YOUR INSTRUCTIONS:
From the listing below, reproduce exactly the lines starting with the one with "Forentina Kadın Sarı" and going on through the one with "asistenta tehnica 24/7", both ends kept. No picture is copied.

=== INFORMATION ===

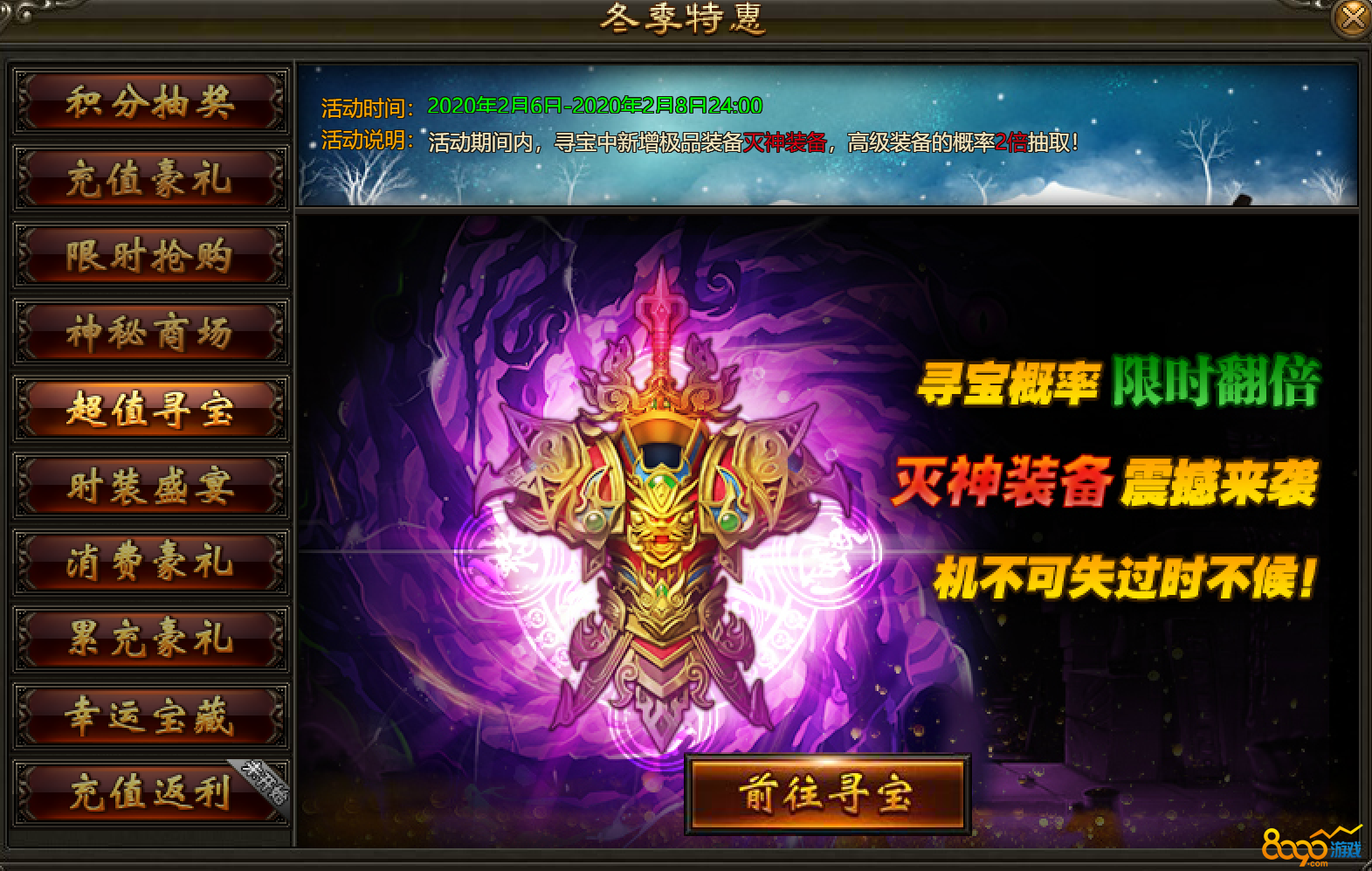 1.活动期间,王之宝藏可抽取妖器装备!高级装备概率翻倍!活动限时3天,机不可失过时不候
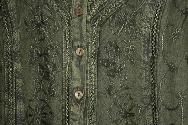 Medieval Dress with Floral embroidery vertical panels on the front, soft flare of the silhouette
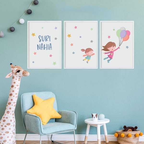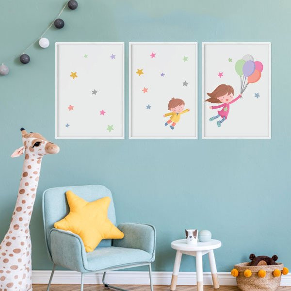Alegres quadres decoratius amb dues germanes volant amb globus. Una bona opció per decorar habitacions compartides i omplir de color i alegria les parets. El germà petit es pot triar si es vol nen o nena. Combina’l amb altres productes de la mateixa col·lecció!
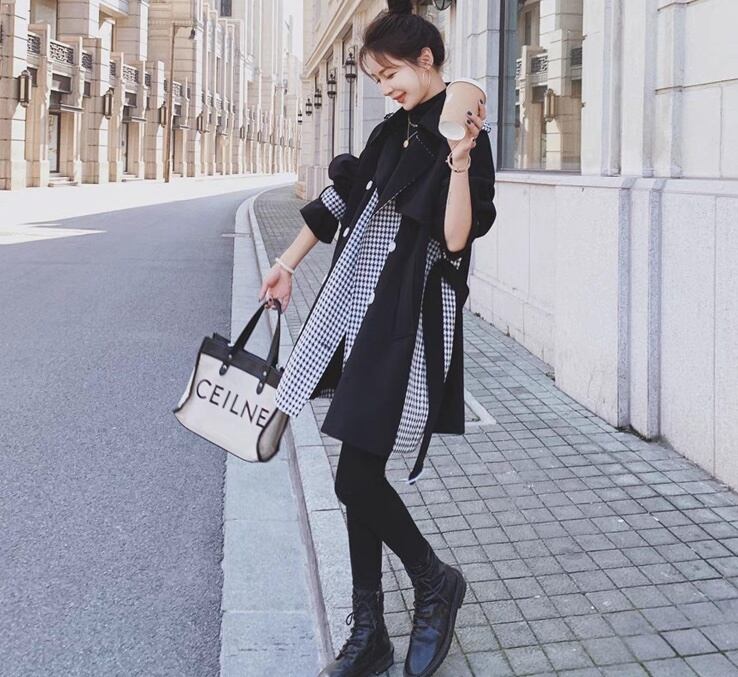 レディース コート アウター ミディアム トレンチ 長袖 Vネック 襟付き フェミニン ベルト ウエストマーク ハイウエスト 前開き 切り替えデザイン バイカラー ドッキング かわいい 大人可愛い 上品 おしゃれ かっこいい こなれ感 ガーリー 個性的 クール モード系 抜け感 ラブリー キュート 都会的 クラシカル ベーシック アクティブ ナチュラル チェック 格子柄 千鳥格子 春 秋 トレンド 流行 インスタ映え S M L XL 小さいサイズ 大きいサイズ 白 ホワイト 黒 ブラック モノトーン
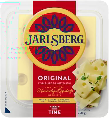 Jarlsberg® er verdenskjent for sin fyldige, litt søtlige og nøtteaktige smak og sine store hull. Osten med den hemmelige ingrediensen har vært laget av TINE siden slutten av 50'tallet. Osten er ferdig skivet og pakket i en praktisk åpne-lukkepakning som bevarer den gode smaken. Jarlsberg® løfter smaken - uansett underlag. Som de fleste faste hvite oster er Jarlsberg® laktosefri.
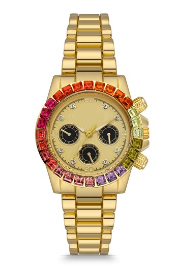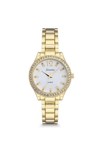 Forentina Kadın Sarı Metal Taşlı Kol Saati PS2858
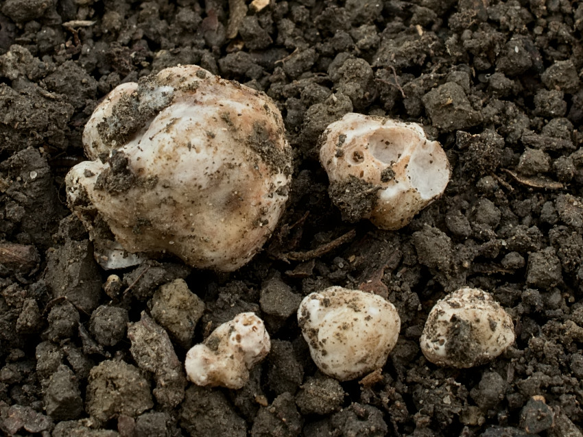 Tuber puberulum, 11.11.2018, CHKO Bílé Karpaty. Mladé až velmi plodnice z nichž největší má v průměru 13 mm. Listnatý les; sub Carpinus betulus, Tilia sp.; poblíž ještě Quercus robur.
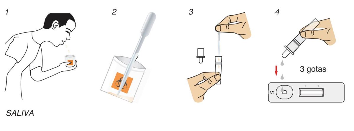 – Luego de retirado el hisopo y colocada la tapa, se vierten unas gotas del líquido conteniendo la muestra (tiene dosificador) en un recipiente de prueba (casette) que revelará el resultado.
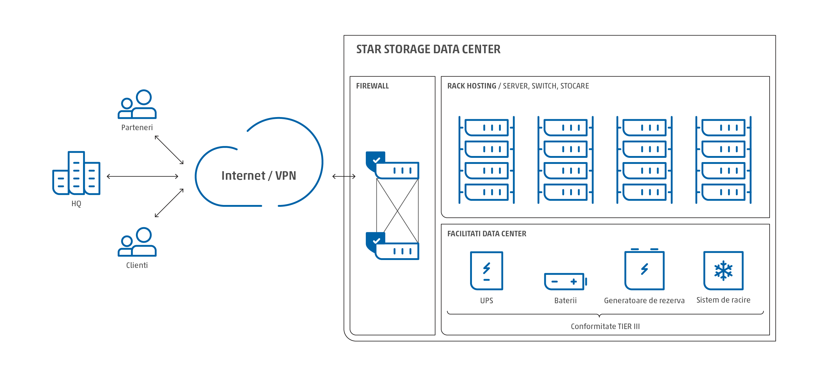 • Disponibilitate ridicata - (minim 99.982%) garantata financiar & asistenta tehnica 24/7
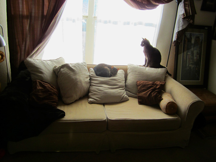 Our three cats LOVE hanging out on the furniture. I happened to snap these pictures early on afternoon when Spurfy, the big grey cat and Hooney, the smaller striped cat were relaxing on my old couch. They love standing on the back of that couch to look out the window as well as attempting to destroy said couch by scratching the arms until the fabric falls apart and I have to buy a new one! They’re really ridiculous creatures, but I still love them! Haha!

===

RESPONSE:
 Forentina Kadın Sarı Metal Taşlı Kol Saati PS2858
 Tuber puberulum, 11.11.2018, CHKO Bílé Karpaty. Mladé až velmi plodnice z nichž největší má v průměru 13 mm. Listnatý les; sub Carpinus betulus, Tilia sp.; poblíž ještě Quercus robur.
 – Luego de retirado el hisopo y colocada la tapa, se vierten unas gotas del líquido conteniendo la muestra (tiene dosificador) en un recipiente de prueba (casette) que revelará el resultado.
 • Disponibilitate ridicata - (minim 99.982%) garantata financiar & asistenta tehnica 24/7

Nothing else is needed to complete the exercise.